Catherine pulled out her cell phone. She dialed a number. It rang for the longest time, then a male voice came on the line.

“Please,” she whispered. “We have no place else to go.”




D O YOU THINK Catherine Gagnon was abused by her husband?” Elizabeth asked.

“Yeah.”

“Do you think she deserved it?”

“What the hell do I know?”

“Come on, Bobby. You have anger toward your mother, you have anger toward Catherine. Part of that anger is the belief these two women could've done something differently. That they should've kept themselves from being victimized.”
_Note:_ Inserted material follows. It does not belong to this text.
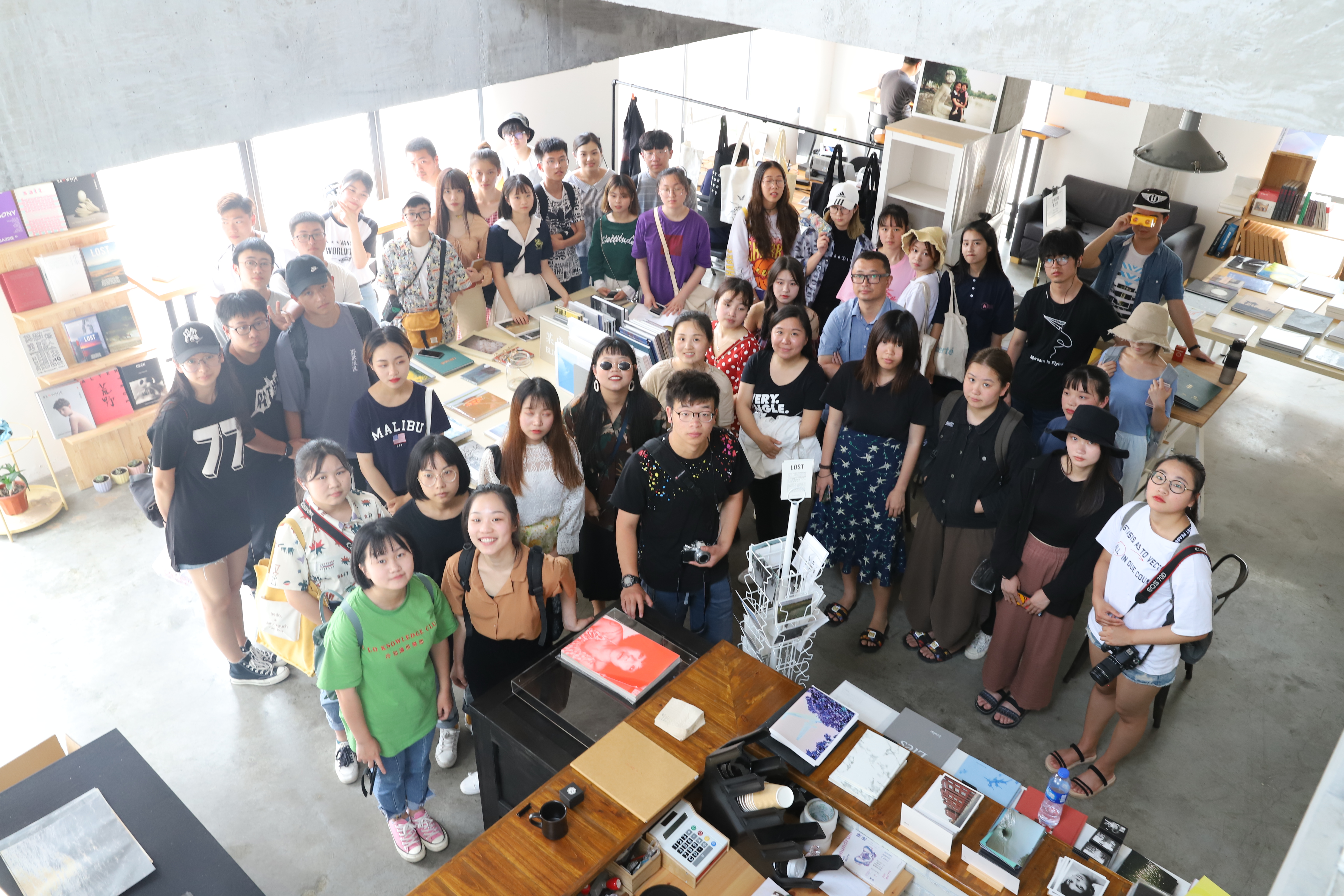 离开前的最后一天,采风小组来到了宁波市区。假杂志摄影图书馆位于宁波工程学院东校区附近,图书馆不大,像是一个二层楼的小咖啡馆,loft风格的装修是这里看上去极具个性,这里陈列着国内外许多摄影作品集,诸如IMA、森山大道的影像志《记录》、无像杂志出版物、Same Paper出版物等等,其中许多作品别具一格,同学们沉浸其中体会着个中乐趣。

“I watched her,” he said abruptly. “Some nights, my father would walk through the door, obviously already liquored up, and I'd watch her start in on him. Been drinking again? Jesus, just one night couldn't you be a decent man and think about your family. . . . Come on, we all knew what was going to happen next.”

“He'd hit her?”

“Yeah.”

“Did she fight back?”

“Not physically.”

“But he'd hit her. And then?”

Bobby shrugged. “I don't know. He'd get mad, then eventually he'd pass out.”

“So if he started out by getting mad at your mother as you say, he'd take his aggression out on her, then pass out.”

“I guess.”

“So he wouldn't hit you or your brother?”

“Not if we stayed out of the way.”

“Do you think your mother knew this?”

He paused, appeared troubled. “I don't know.”

“A woman's love for her husband is a very complicated thing, Bobby. So is her love for her children.”

“Yeah, she loves us so goddamn much she just can't wait to call.”

“I can't comment on that, Bobby; I've never met your mother. For some women, however . . . some women might feel too ashamed.”

“I thought we were talking about Catherine,” Bobby said.

“All right. Do you think Catherine provoked her husband?”

“She's capable of it.”

“And Thursday night?”

He resumed pacing again. “Maybe. It doesn't make sense. But then again . . .” He looked at Elizabeth. “It's the fact that we had met before, that we had spoken, that bothers me. Sure, I didn't remember her, I'm confident of that. But she asked me questions about the job, questions about how and when a tactical team would be deployed. Why those questions? What was she thinking?”